Requirement ▸
The answer should consist of each line below that contains the word "would".

Data excerpts ▸
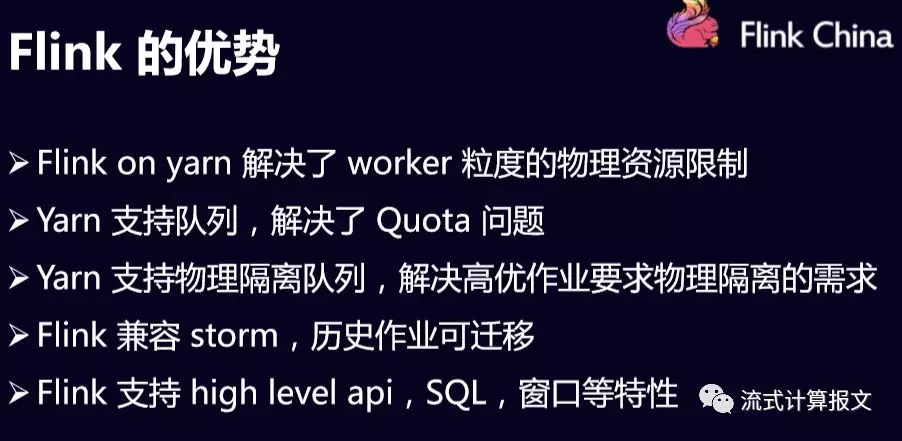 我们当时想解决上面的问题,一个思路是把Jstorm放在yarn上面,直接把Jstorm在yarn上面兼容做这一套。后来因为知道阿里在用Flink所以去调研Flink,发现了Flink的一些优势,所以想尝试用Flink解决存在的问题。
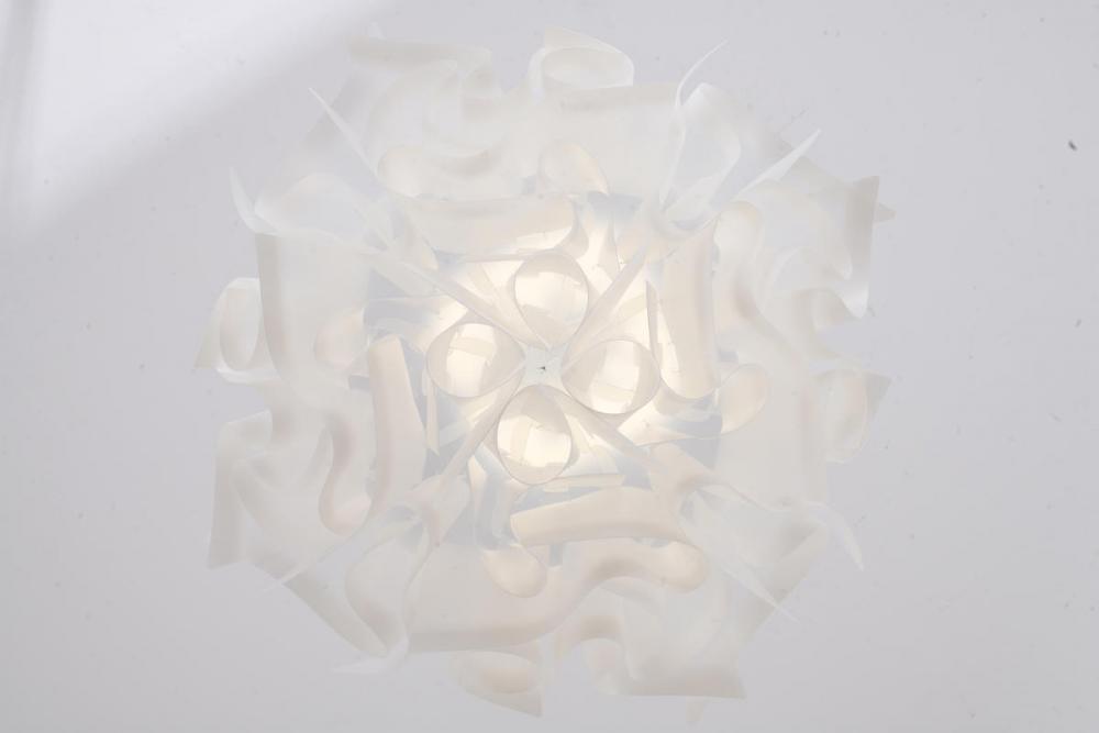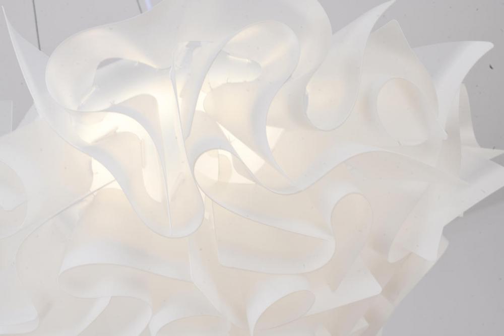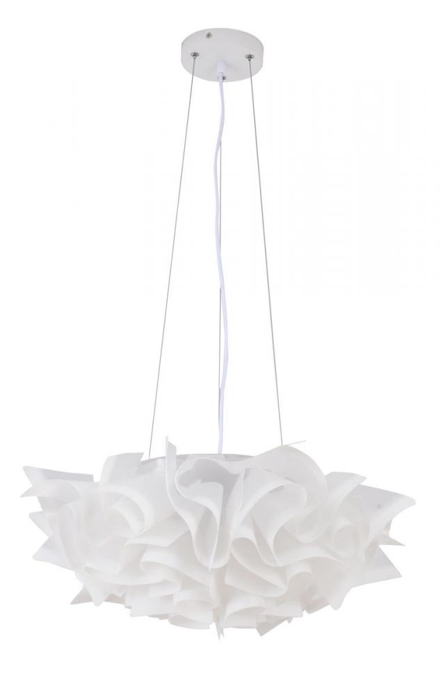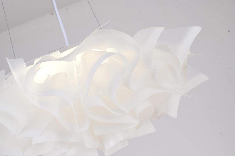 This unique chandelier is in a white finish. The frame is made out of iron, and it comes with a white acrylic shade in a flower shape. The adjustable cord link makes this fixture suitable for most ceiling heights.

* * *

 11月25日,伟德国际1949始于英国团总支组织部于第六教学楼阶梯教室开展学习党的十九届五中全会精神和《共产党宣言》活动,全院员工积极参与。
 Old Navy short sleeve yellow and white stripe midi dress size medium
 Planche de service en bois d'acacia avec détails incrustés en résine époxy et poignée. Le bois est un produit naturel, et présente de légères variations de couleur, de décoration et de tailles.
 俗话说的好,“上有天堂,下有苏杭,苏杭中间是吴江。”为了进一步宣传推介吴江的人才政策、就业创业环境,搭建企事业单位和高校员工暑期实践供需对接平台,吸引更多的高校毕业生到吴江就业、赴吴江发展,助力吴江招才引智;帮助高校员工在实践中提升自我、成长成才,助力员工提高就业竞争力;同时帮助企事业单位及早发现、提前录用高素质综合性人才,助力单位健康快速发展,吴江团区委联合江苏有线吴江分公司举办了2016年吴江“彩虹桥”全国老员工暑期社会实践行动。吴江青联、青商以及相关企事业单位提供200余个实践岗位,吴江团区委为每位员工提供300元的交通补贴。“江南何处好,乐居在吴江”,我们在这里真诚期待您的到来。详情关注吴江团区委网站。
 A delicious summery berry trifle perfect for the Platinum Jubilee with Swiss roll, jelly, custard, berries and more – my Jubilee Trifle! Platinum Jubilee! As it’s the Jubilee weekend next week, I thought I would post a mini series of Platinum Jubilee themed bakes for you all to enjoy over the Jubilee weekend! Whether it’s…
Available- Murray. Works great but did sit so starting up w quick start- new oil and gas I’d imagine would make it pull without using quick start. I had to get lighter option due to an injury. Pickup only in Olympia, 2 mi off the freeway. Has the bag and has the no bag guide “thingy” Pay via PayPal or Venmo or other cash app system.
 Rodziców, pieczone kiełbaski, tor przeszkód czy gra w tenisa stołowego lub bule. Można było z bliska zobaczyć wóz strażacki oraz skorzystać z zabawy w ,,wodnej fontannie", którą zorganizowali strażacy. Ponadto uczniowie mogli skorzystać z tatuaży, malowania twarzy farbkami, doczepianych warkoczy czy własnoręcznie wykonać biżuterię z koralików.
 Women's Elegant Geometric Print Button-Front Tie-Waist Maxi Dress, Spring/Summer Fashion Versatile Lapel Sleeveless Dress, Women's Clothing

Exercise output ▸
 A delicious summery berry trifle perfect for the Platinum Jubilee with Swiss roll, jelly, custard, berries and more – my Jubilee Trifle! Platinum Jubilee! As it’s the Jubilee weekend next week, I thought I would post a mini series of Platinum Jubilee themed bakes for you all to enjoy over the Jubilee weekend! Whether it’s…
Available- Murray. Works great but did sit so starting up w quick start- new oil and gas I’d imagine would make it pull without using quick start. I had to get lighter option due to an injury. Pickup only in Olympia, 2 mi off the freeway. Has the bag and has the no bag guide “thingy” Pay via PayPal or Venmo or other cash app system.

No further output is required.